[WHAT YOU SHOULD DO]:
Excluding pictures, what does the listing below contain from the line with "민석이 앞뒤로 다 애기들같은데" up to and including the line with "woman in white", word for word?

MATERIAL FOR THIS TASK Start Marker

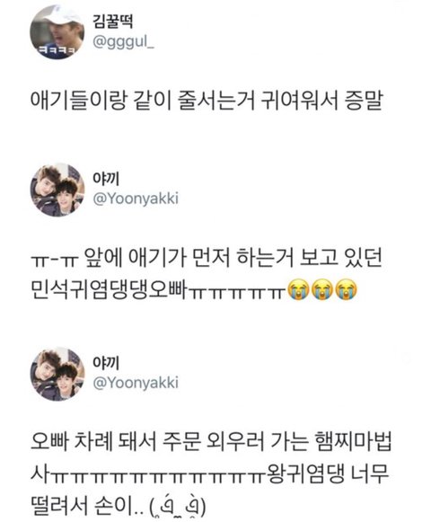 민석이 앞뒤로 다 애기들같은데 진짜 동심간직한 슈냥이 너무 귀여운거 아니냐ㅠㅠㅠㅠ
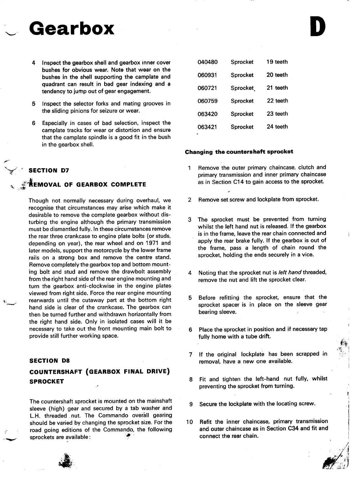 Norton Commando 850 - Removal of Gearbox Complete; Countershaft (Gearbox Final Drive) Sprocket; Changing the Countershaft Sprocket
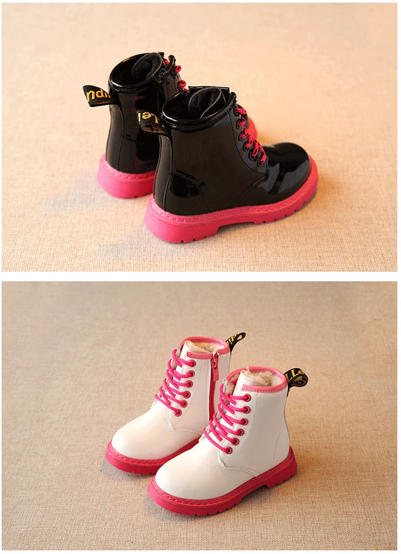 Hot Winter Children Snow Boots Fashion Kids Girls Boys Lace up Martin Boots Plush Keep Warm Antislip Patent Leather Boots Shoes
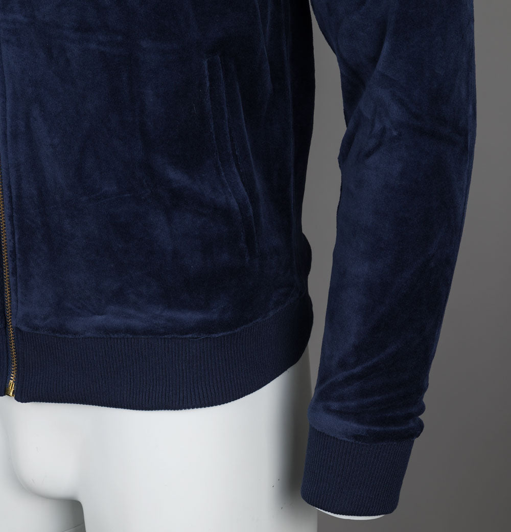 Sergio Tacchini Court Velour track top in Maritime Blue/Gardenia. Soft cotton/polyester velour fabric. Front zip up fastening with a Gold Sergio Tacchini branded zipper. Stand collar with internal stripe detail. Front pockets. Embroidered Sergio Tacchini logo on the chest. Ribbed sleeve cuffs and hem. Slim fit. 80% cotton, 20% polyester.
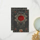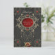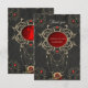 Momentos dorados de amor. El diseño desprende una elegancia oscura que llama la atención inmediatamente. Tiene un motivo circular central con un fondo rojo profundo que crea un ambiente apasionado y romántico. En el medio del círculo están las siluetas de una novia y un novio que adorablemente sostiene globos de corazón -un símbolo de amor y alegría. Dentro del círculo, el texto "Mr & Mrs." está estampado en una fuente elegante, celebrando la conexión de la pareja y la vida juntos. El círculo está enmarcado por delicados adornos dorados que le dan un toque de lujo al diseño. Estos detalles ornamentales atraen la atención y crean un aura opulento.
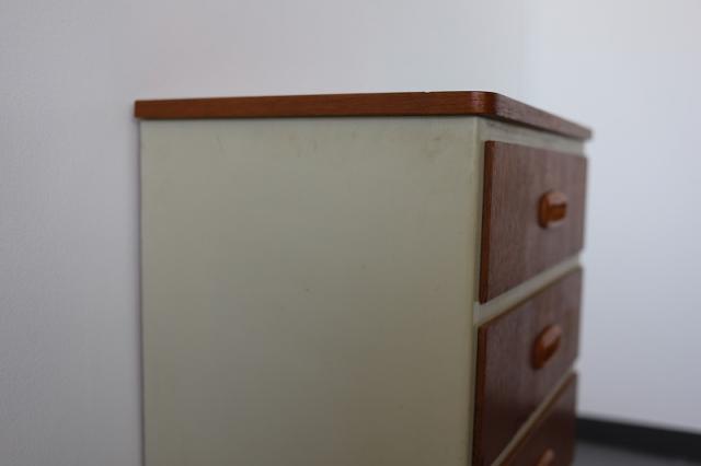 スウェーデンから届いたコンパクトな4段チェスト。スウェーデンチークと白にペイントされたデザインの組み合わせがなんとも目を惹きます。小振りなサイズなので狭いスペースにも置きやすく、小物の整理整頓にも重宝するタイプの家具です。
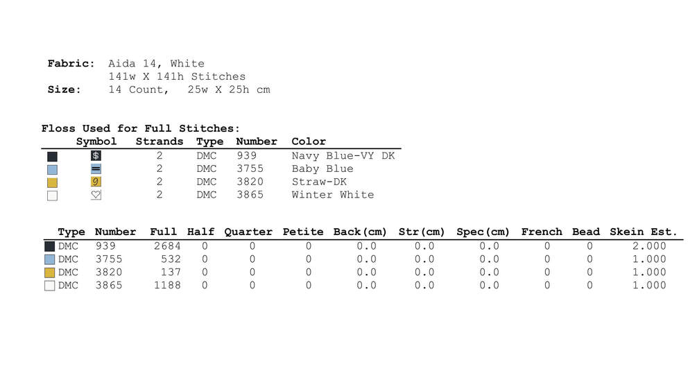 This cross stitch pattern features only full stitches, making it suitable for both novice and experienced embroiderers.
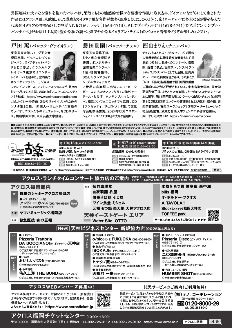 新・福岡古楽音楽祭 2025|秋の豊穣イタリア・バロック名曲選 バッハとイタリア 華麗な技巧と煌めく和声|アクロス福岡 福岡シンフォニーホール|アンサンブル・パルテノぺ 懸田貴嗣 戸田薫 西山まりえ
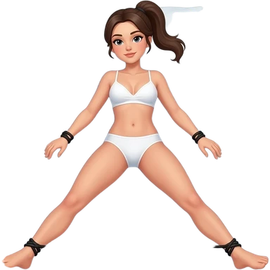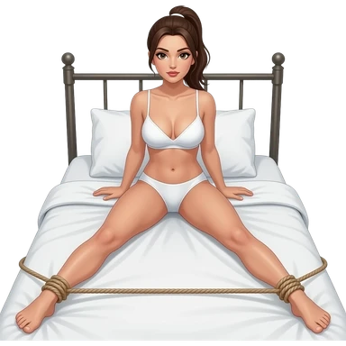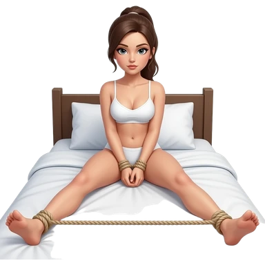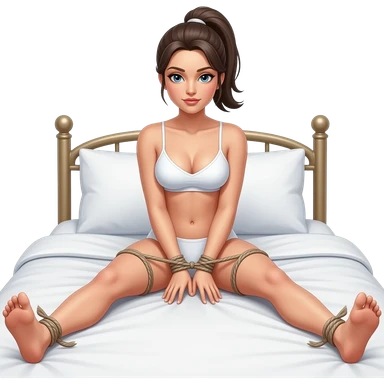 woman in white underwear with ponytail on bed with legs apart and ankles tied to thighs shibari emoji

MATERIAL FOR THIS TASK End Marker
MATERIAL FOR THIS TASK Start Marker

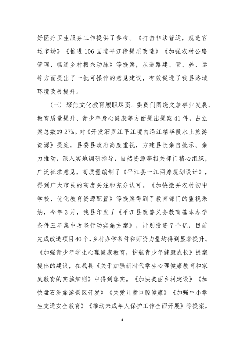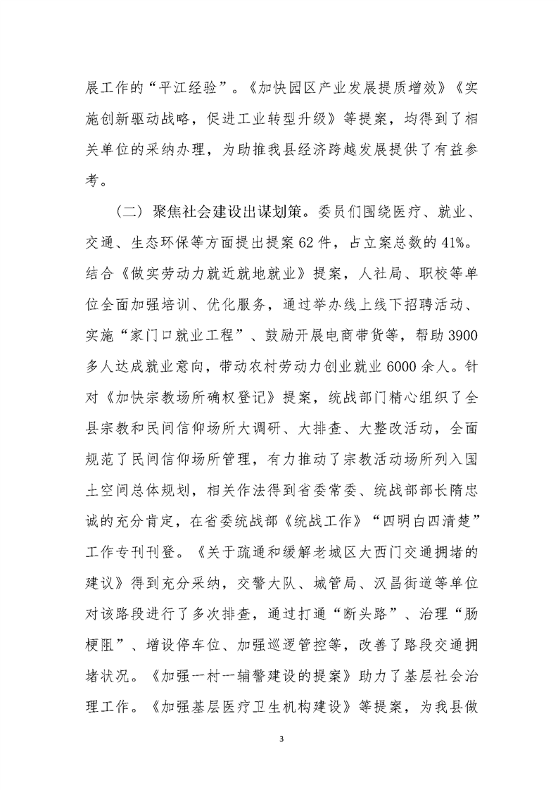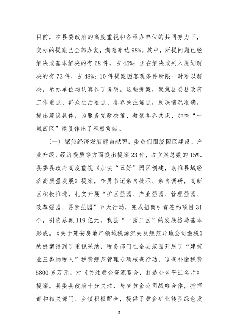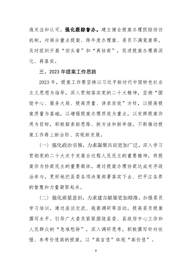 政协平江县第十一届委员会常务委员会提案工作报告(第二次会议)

MATERIAL FOR THIS TASK End Marker

[TASK OUTPUT]:
 민석이 앞뒤로 다 애기들같은데 진짜 동심간직한 슈냥이 너무 귀여운거 아니냐ㅠㅠㅠㅠ
 Norton Commando 850 - Removal of Gearbox Complete; Countershaft (Gearbox Final Drive) Sprocket; Changing the Countershaft Sprocket
 Hot Winter Children Snow Boots Fashion Kids Girls Boys Lace up Martin Boots Plush Keep Warm Antislip Patent Leather Boots Shoes
 Sergio Tacchini Court Velour track top in Maritime Blue/Gardenia. Soft cotton/polyester velour fabric. Front zip up fastening with a Gold Sergio Tacchini branded zipper. Stand collar with internal stripe detail. Front pockets. Embroidered Sergio Tacchini logo on the chest. Ribbed sleeve cuffs and hem. Slim fit. 80% cotton, 20% polyester.
 Momentos dorados de amor. El diseño desprende una elegancia oscura que llama la atención inmediatamente. Tiene un motivo circular central con un fondo rojo profundo que crea un ambiente apasionado y romántico. En el medio del círculo están las siluetas de una novia y un novio que adorablemente sostiene globos de corazón -un símbolo de amor y alegría. Dentro del círculo, el texto "Mr & Mrs." está estampado en una fuente elegante, celebrando la conexión de la pareja y la vida juntos. El círculo está enmarcado por delicados adornos dorados que le dan un toque de lujo al diseño. Estos detalles ornamentales atraen la atención y crean un aura opulento.
 スウェーデンから届いたコンパクトな4段チェスト。スウェーデンチークと白にペイントされたデザインの組み合わせがなんとも目を惹きます。小振りなサイズなので狭いスペースにも置きやすく、小物の整理整頓にも重宝するタイプの家具です。
 This cross stitch pattern features only full stitches, making it suitable for both novice and experienced embroiderers.
 新・福岡古楽音楽祭 2025|秋の豊穣イタリア・バロック名曲選 バッハとイタリア 華麗な技巧と煌めく和声|アクロス福岡 福岡シンフォニーホール|アンサンブル・パルテノぺ 懸田貴嗣 戸田薫 西山まりえ
 woman in white underwear with ponytail on bed with legs apart and ankles tied to thighs shibari emoji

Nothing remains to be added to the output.